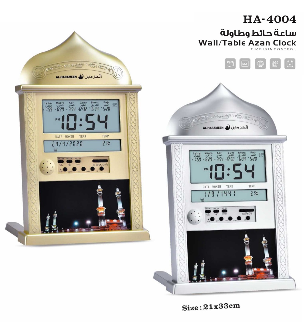 Montre Horloge Pendule (double écran) avec horaires des prières et appel à la prière (Adhan automatique) - Al-Harameen Clock (HA-4012) - REF. 8824 (45.00 €)
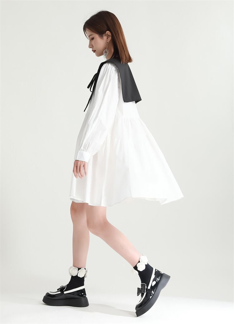 u19919 2色 シャツワンピース 夏秋新作 エレガンス 着痩せ 通勤 OL ラウンドネック長袖 レディース
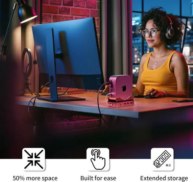 Save up to 45% desk space & enhanced cooling: The vertical stand frees up valuable workspace while improving heat dissipation through a side-out ventilation design. Natural upward airflow helps your Mac mini stay cooler and maintain long-term performance.
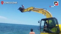 Gençlerin iş makinesiyle deniz keyfi kamerada
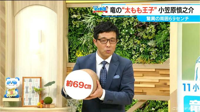 「竜の太もも王子、慎ちゃん」とありますが、彼の太もも69センチということで、グルっと太ももの円周が69センチで、入団した頃は、このサイズの抱き枕のようなものが販売されたんですよ。ウエストサイズぐらいなんですけれど、すごいですよね。
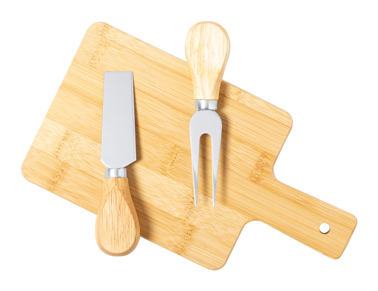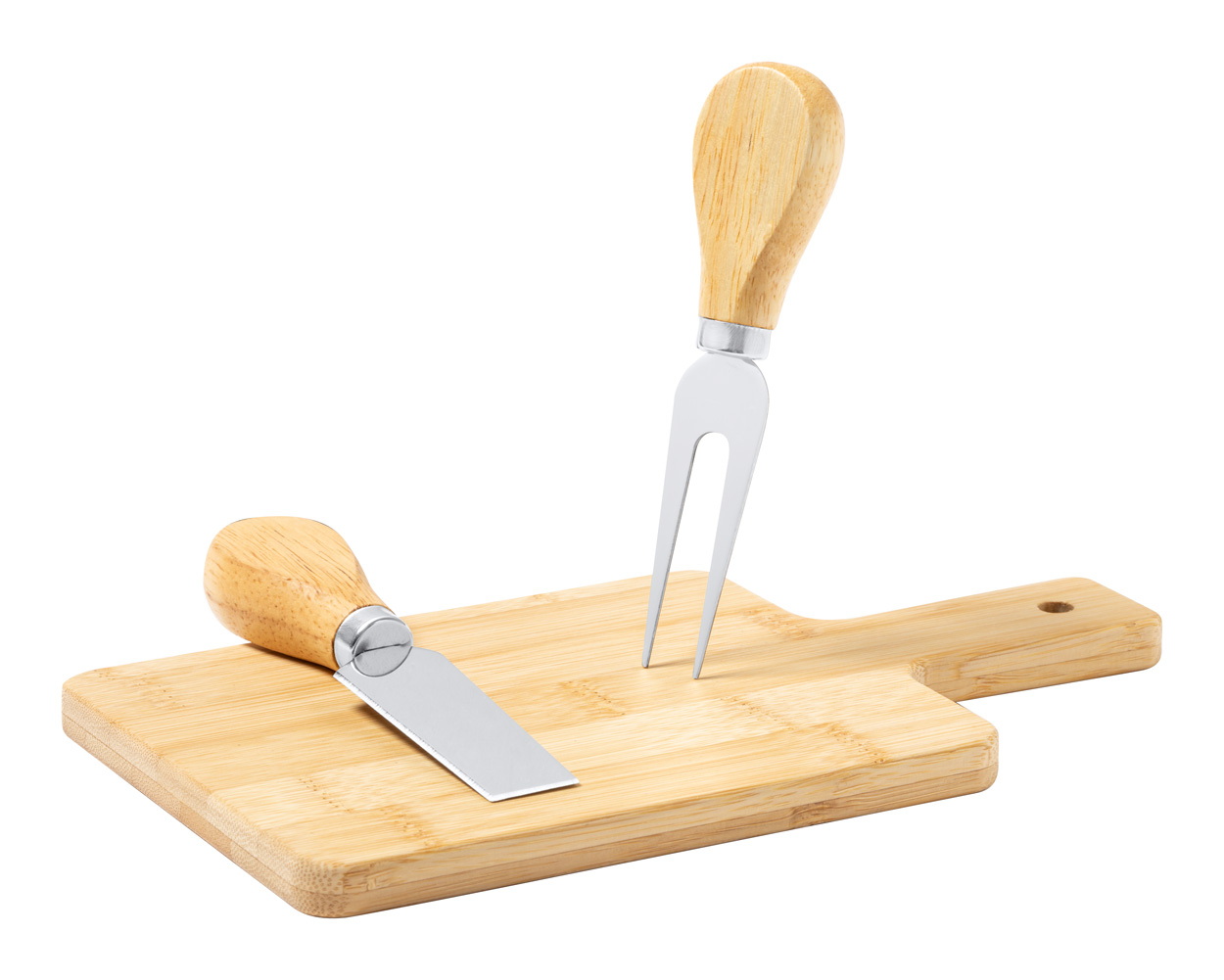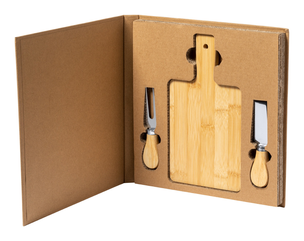 3 db-os sajtszett rozsdamentes acél villával és késsel, bambusz markolattal és bambusz vágódeszkával, fogantyúval. Kraft papír dobozban.
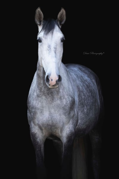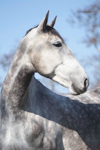 6-jähriger (geboren am 16. April 2020) PSL-Schimmel-Wallach. Stockmaß ca. 1,67 m. Abstammung: Epico das Figueiras x Renovado.
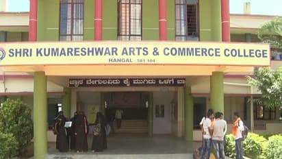 ಹಾವೇರಿ(ಅ.06): ವಿದ್ಯಾದೇಗುಲದಲ್ಲಿ ಧರ್ಮಯುದ್ದ ನಡೆಯುತ್ತಿದೆ. ಹಾವೇರಿ ಜಿಲ್ಲೆಯ ಹಾನಗಲ್ ತಾಲೂಕಿನ ವಿವಿಧ ಕಾಲೇಜುಗಳಲ್ಲಿ, ಈಗ ಬುರ್ಖಾ ವರ್ಸಸ್ ಕೇಸರಿ ಶಾಲು ಎನ್ನುವ ಸ್ಥಿತಿ ನಿರ್ಮಾಣವಾಗಿದೆ. ಹಾನಗಲ್ ಪಟ್ಟಣದ ಕುಮಾರೇಶ್ವರ ಪದವಿ ಕಾಲೇಜಿನಲ್ಲಿ ಸಮವಸ್ತ್ರ ಧರಿಸಿಕೊಂಡು ಕಾಲೇಜಿಗೆ ವಿಧ್ಯಾರ್ಥಿಗಳು ಬರಬೇಕು. ಆದ್ರೆ ಒಂದು ಕೋಮಿಗೆ ಸೇರಿದ ವಿಧ್ಯಾರ್ಥಿನೀಯರು ಬುರ್ಖಾ ಧರಿಸಿ ಬರುತ್ತಿದ್ದಾರೆ.
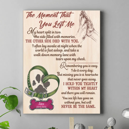 View full detailsPersonalized Memorial Pet Pawprint Canvas - Memorial Gift Idea For Dog/Cat Lover - The Moment That You Left Me
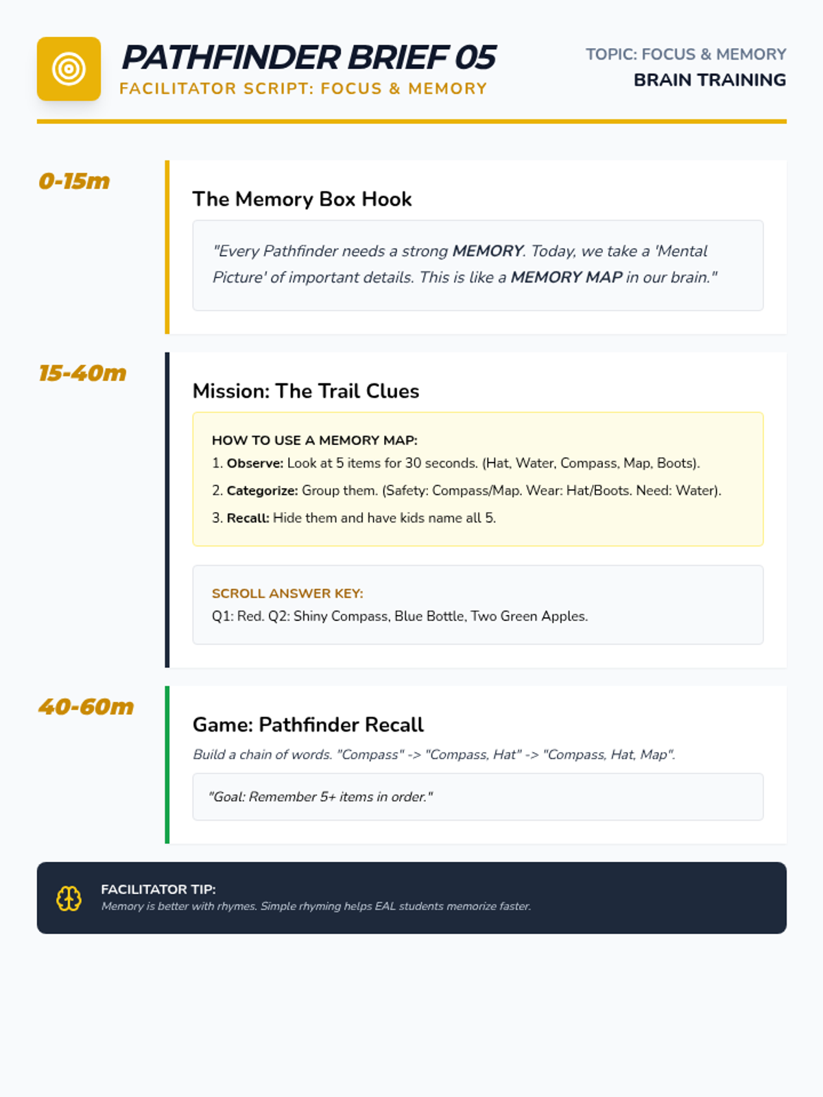 Boosting focus and memory skills for better learning and organizational habits.
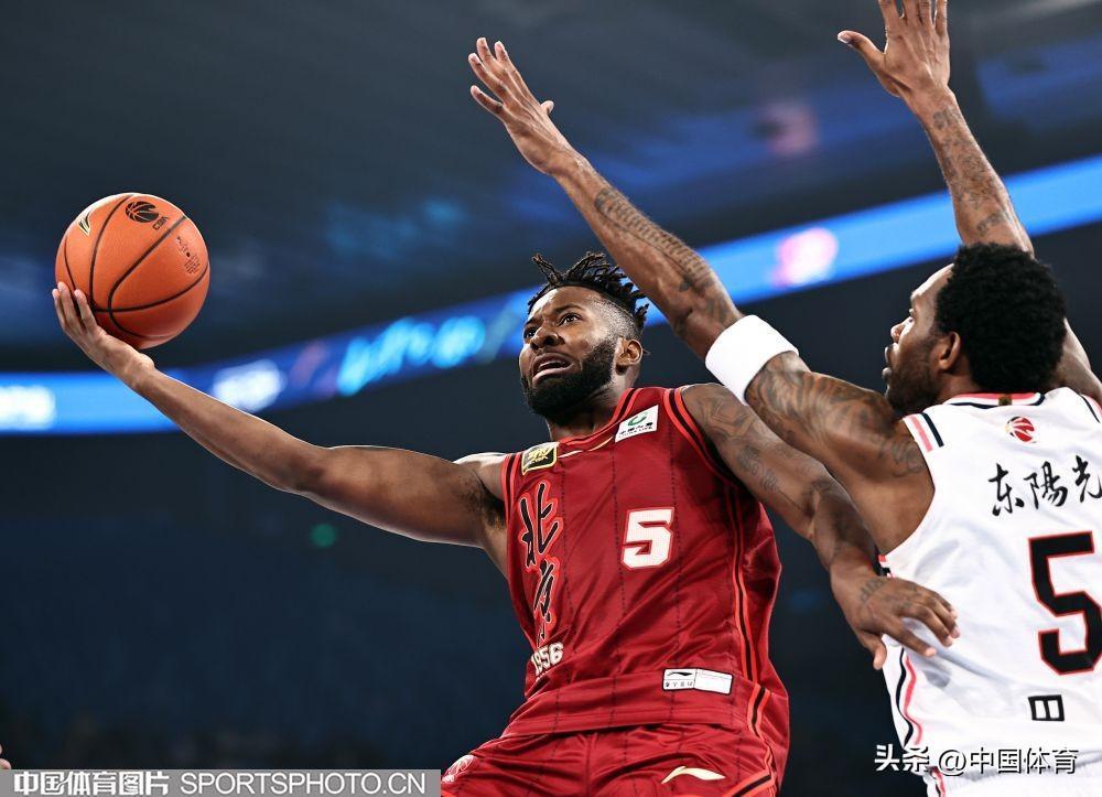 廣東東陽光隊貝茲利籃下封蓋北京北汽隊所羅門(右)
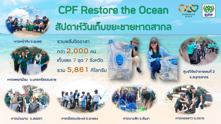 บริษัท เจริญโภคภัณฑ์อาหาร จำกัด (มหาชน) หรือ ซีพีเอฟ รวมพลังจิตอาสาพนักงานและชุมชนกว่า 2 พันคนเก็บขยะชายหาด 7 จุด ใน 7 จังหวัด เนื่องในสัปดาห์วันเก็บขยะชายหาดสากล (International Coastal Cleanup Day) ระหว่างวันที่ 6-15 กันยายน 2566 สามารถเก็บและคัดแยกขยะได้กว่า 5,861 กิโลกรัม เพื่อร่วมปกป้องระบบนิเวศ คืนสภาพทะเลสู่ความอุดมสมบูรณ์
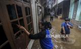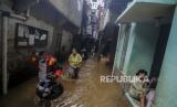 Sejumlah warga beraktivitas saat terjadi banjir di kawasan Kebon Pala, Jakarta, Senin (7/12). BPBD DKI Jakarta mencatat sebanyak 34 RT di wilayah Jakarta Timur dan Jakarta Selatan terendam banjir karena tingginya curah hujan sejak Ahad (6/12) malam dan luapan kali Ciliwung dengan ketinggian berkisar 10-80 sentimeter. (FOTO : Republika/Putra M. Akbar)

---------------

- ASSIGNED TASK -
Write out the data in full and exactly as given, though without the images.

- EXPECTED ANSWER -
 Montre Horloge Pendule (double écran) avec horaires des prières et appel à la prière (Adhan automatique) - Al-Harameen Clock (HA-4012) - REF. 8824 (45.00 €)
 u19919 2色 シャツワンピース 夏秋新作 エレガンス 着痩せ 通勤 OL ラウンドネック長袖 レディース
 Save up to 45% desk space & enhanced cooling: The vertical stand frees up valuable workspace while improving heat dissipation through a side-out ventilation design. Natural upward airflow helps your Mac mini stay cooler and maintain long-term performance.
 Gençlerin iş makinesiyle deniz keyfi kamerada
 「竜の太もも王子、慎ちゃん」とありますが、彼の太もも69センチということで、グルっと太ももの円周が69センチで、入団した頃は、このサイズの抱き枕のようなものが販売されたんですよ。ウエストサイズぐらいなんですけれど、すごいですよね。
 3 db-os sajtszett rozsdamentes acél villával és késsel, bambusz markolattal és bambusz vágódeszkával, fogantyúval. Kraft papír dobozban.
 6-jähriger (geboren am 16. April 2020) PSL-Schimmel-Wallach. Stockmaß ca. 1,67 m. Abstammung: Epico das Figueiras x Renovado.
 ಹಾವೇರಿ(ಅ.06): ವಿದ್ಯಾದೇಗುಲದಲ್ಲಿ ಧರ್ಮಯುದ್ದ ನಡೆಯುತ್ತಿದೆ. ಹಾವೇರಿ ಜಿಲ್ಲೆಯ ಹಾನಗಲ್ ತಾಲೂಕಿನ ವಿವಿಧ ಕಾಲೇಜುಗಳಲ್ಲಿ, ಈಗ ಬುರ್ಖಾ ವರ್ಸಸ್ ಕೇಸರಿ ಶಾಲು ಎನ್ನುವ ಸ್ಥಿತಿ ನಿರ್ಮಾಣವಾಗಿದೆ. ಹಾನಗಲ್ ಪಟ್ಟಣದ ಕುಮಾರೇಶ್ವರ ಪದವಿ ಕಾಲೇಜಿನಲ್ಲಿ ಸಮವಸ್ತ್ರ ಧರಿಸಿಕೊಂಡು ಕಾಲೇಜಿಗೆ ವಿಧ್ಯಾರ್ಥಿಗಳು ಬರಬೇಕು. ಆದ್ರೆ ಒಂದು ಕೋಮಿಗೆ ಸೇರಿದ ವಿಧ್ಯಾರ್ಥಿನೀಯರು ಬುರ್ಖಾ ಧರಿಸಿ ಬರುತ್ತಿದ್ದಾರೆ.
 View full detailsPersonalized Memorial Pet Pawprint Canvas - Memorial Gift Idea For Dog/Cat Lover - The Moment That You Left Me
 Boosting focus and memory skills for better learning and organizational habits.
 廣東東陽光隊貝茲利籃下封蓋北京北汽隊所羅門(右)
 บริษัท เจริญโภคภัณฑ์อาหาร จำกัด (มหาชน) หรือ ซีพีเอฟ รวมพลังจิตอาสาพนักงานและชุมชนกว่า 2 พันคนเก็บขยะชายหาด 7 จุด ใน 7 จังหวัด เนื่องในสัปดาห์วันเก็บขยะชายหาดสากล (International Coastal Cleanup Day) ระหว่างวันที่ 6-15 กันยายน 2566 สามารถเก็บและคัดแยกขยะได้กว่า 5,861 กิโลกรัม เพื่อร่วมปกป้องระบบนิเวศ คืนสภาพทะเลสู่ความอุดมสมบูรณ์
 Sejumlah warga beraktivitas saat terjadi banjir di kawasan Kebon Pala, Jakarta, Senin (7/12). BPBD DKI Jakarta mencatat sebanyak 34 RT di wilayah Jakarta Timur dan Jakarta Selatan terendam banjir karena tingginya curah hujan sejak Ahad (6/12) malam dan luapan kali Ciliwung dengan ketinggian berkisar 10-80 sentimeter. (FOTO : Republika/Putra M. Akbar)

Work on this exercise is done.